Velero Fails to Start After TKR 1.28 Upgrade Due to PSA Enforcement and CPU Containts
search cancel

Velero Fails to Start After TKR 1.28 Upgrade Due to PSA Enforcement and CPU Containts

book

Article ID: 400901

calendar_today

Updated On:

Products

Tanzu Kubernetes Runtime

Issue/Introduction

After upgrading both Velero and the Tanzu Kubernetes Release (TKR) to version 1.28 across TKGs (VKS) clusters running Supervisor 7, Velero failed to start. This caused a complete outage of Velero’s backup functionality across all impacted clusters.

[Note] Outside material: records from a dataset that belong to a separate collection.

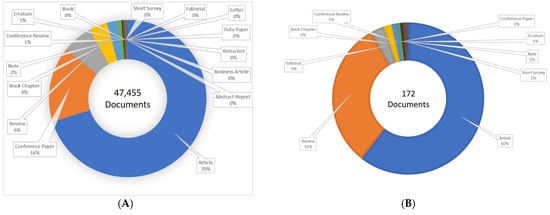 Different types of documents published with keywords (A) ‘biodiesel’ and (B) ‘biodiesel and bioengineering’.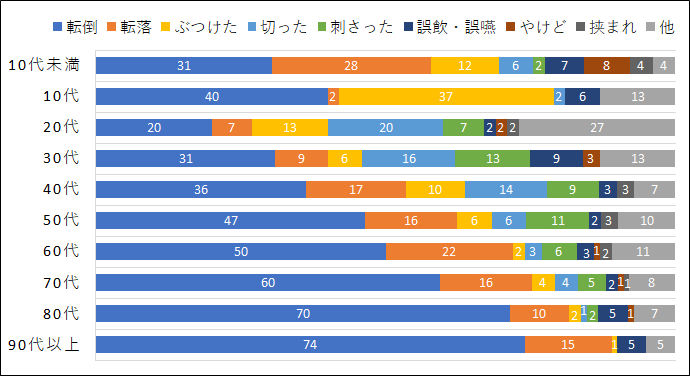 | 当消防本部の救急車で搬送された方の原因(平成28年)は、急病による搬送が約60%、一般負傷(交通事故や労働災害などに分類されない負傷で、転倒・転落・やけど・喉詰めなどがある)による搬送が約20%と、急病と一般負傷が多くを占めています。 急病の内訳では脳や心臓の病気が多く、これらの病気は大人の突然死の原因としても以前から常に上位にあがっています。脳や心臓の病気に限らず、大きな病気の根底には「生活習慣病」と呼ばれる病気があることが少なくありません。 また、一般負傷の内訳では、転倒による負傷が約54%で半分以上を占めています。転倒は、40代未満の各年代でも30~40%を占め、20代を除くすべての年代で第1位となっています(20代では第2位)。特に、60代を超えると50%以上の方が転倒による負傷で救急搬送をされています。 更に、転倒と転落を合わせると、50代以上の年代で70%を超えており、日常の中での負傷による救急搬送がいかに多いかが分かります。 |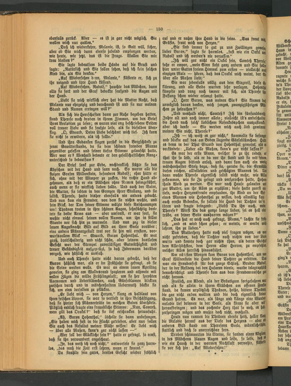 Am nässten Morgen kam Baron von Hohenthal, um von Graf Wildenstein die Hand feiner Tochter zu erbitten. Dai war ein Freudenfest für das ganze Schloß, Bruder Rudolf der in der Residenz bei den Husaren diente, wurde telegraphisch benachrichtigt und Therese kam aus dem Freudenräusche gai nicht heraus.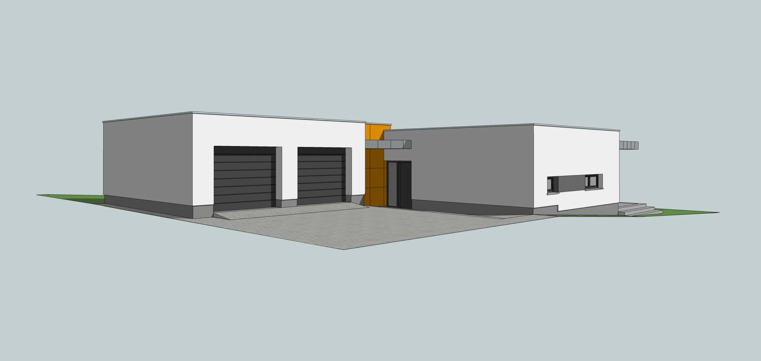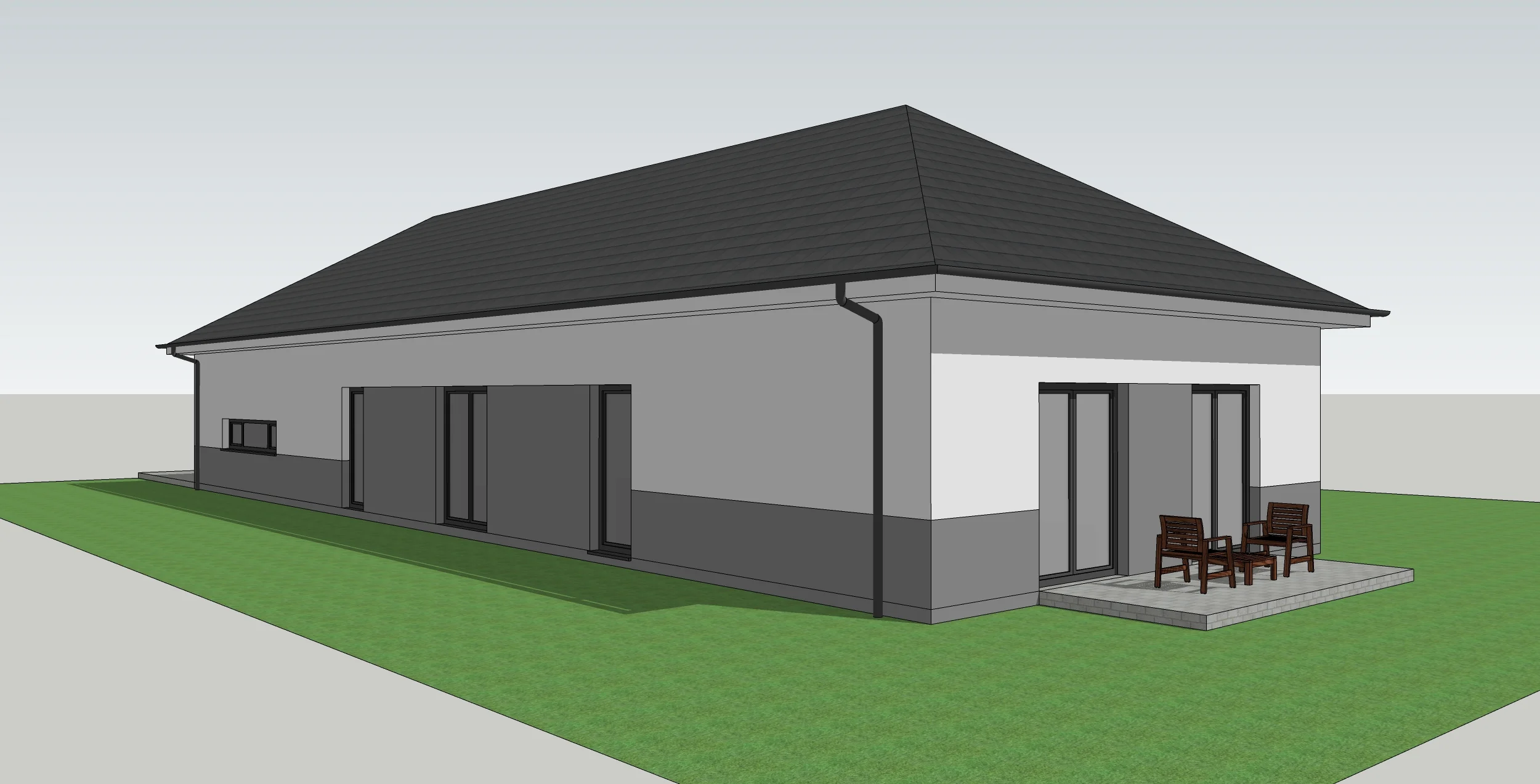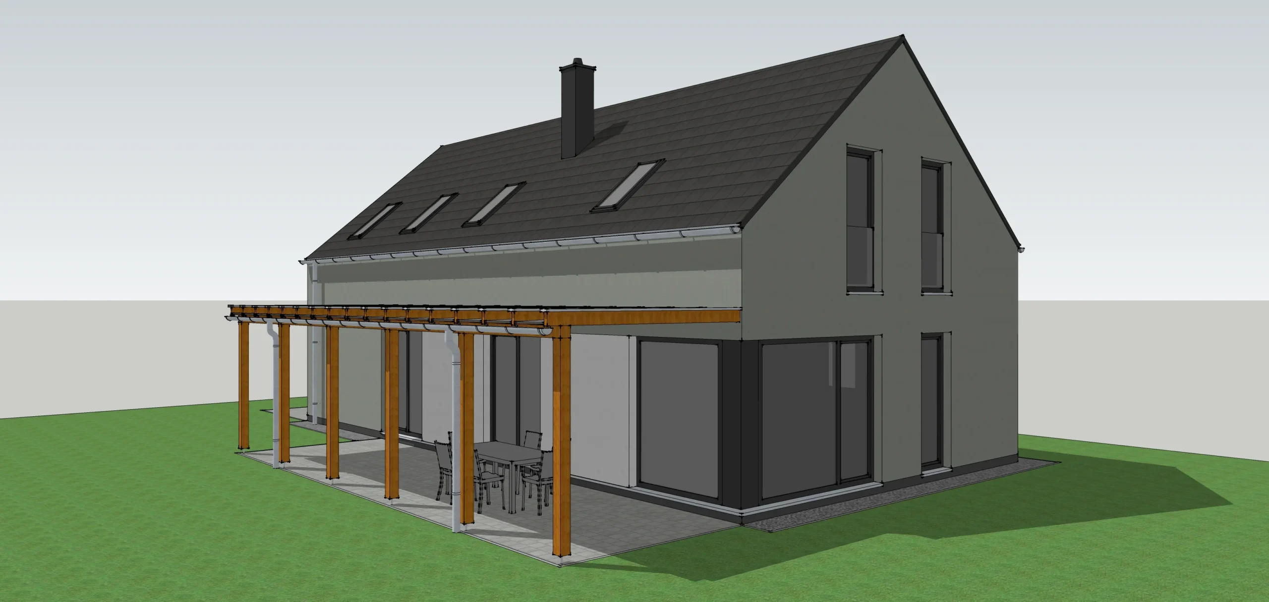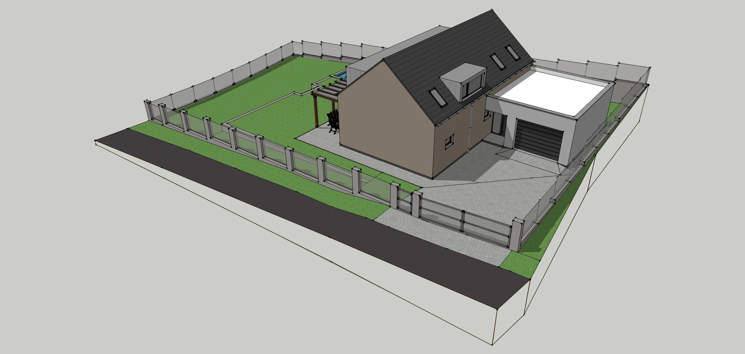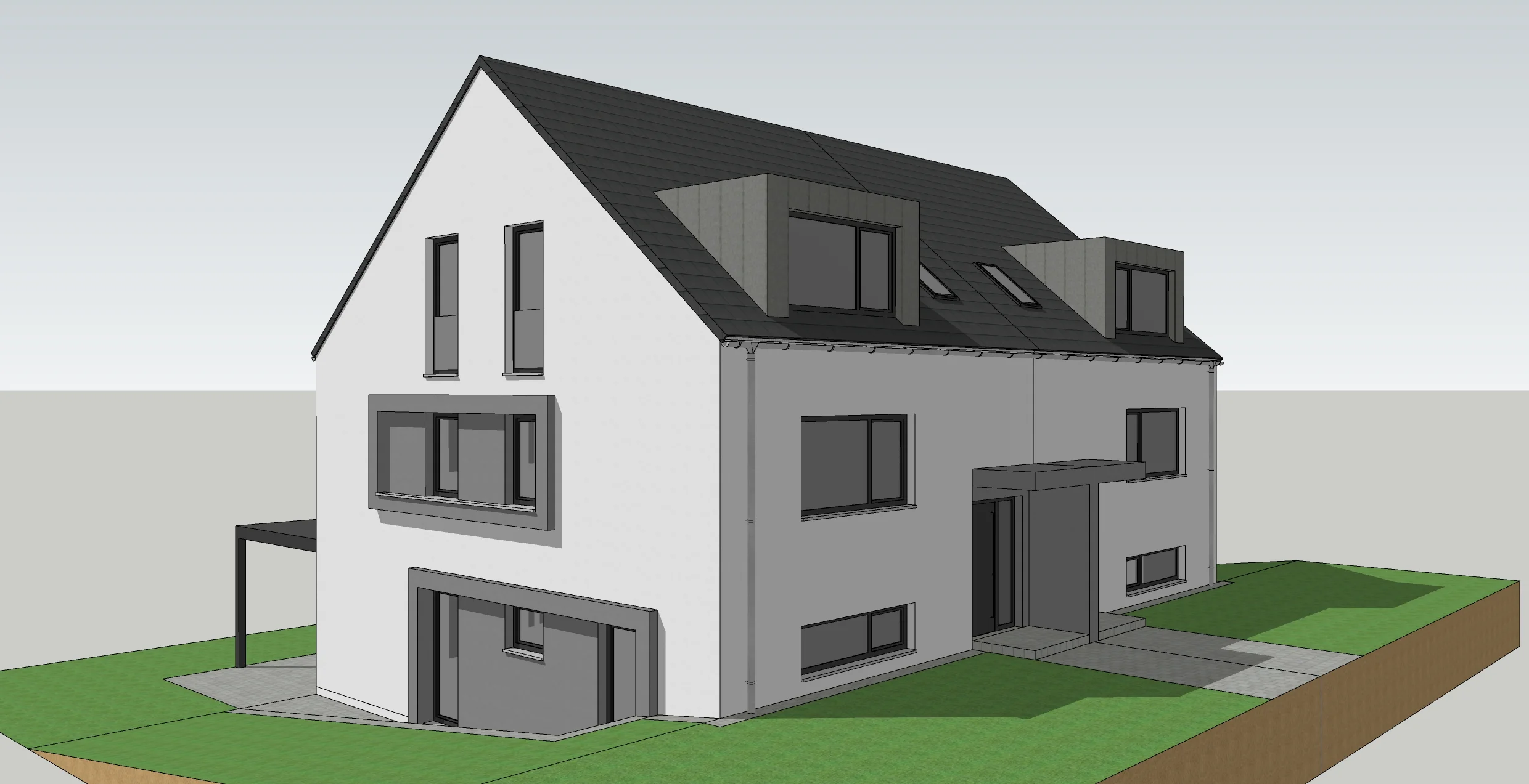 Novostavba rodinného domu má obdélníkový půdorys, který kopíruje tvar pozemku. Sestává z hlavní obytné části s moderními arkýři, samostatně stojící dvojgaráže na severní straně a zastřešené pergoly orientované na jih.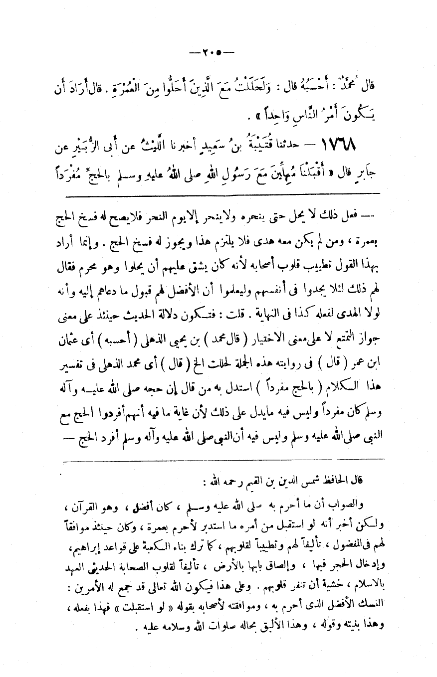 قال الحافظ شمس الدين بن القيم رحمه الله والصواب أن ما أحرم به صلى الله عليه و سلم كان أفضل وهو القرآن ولكن أخبر أنه لو استقبل من أمره ما استدبر لأحرم بعمرة وكان حينئذ موافقا لهم في المفضول تأليفا لهم وتطييبا لقلوبهم كما ترك بناء الكعبة على قواعد إبراهيم وإدخال الحجر فيها وإلصاق بابها بالأرض تأليفا لقلوب الصحابة الحديثي العهد بالإسلام خشية أن تنفر قلوبهم

The root cause was PodSecurity Admission (PSA) enforcement at the restricted level, which blocked Velero’s ReplicaSet from creating pods due to missing securityContext fields. An additional issue—CPU resource exhaustion—prevented the Velero pod from scheduling, even after the PSA configuration was corrected.

Environment

Tanzu Kubernetes Runtime

Cause

Two root causes were identified:

  1. PSA Enforcement at Restricted Level
    1. The upgraded TKR enabled stricter PSA policies (restricted level by default). The Velero deployment did not conform to these policies. Specific violations included:
      1. allowPrivilegeEscalation was not explicitly set to false
      2. Containers did not drop all capabilities
      3. runAsNonRoot was not set to true
      4. seccompProfile.type was missing
  2. Cluster CPU Resource Exhaustion
    1. In one cluster, even after PSA was addressed, the Velero pod remained unscheduled because it requested 500m CPU and all available worker nodes were overcommitted.

Resolution

Step 1: Lower PSA Enforcement Level

To allow Velero to start, reduce the PSA level from restricted to baseline in the Velero namespace:

kubectl label ns velero pod-security.kubernetes.io/enforce=baseline –overwrite

Then restart the Velero deployment:

kubectl rollout restart deployment -n velero

 

Step 2: Resolve CPU Resource Constraints (if applicable)

Pods still failed to schedule due to CPU exhaustion. To fix:

  • Edit the Velero deployment and reduce the CPU request from 500m to 200m or another schedulable value.
  • Save the changes and wait for the pod to be scheduled.

You can assess node capacity using the following:

kubectl describe nodes | grep -A5 “Allocatable”

Or use the TMC UI:

Clusters > [cluster name] > Nodes

Depending on findings, consider rebalancing workloads or scaling out the cluster.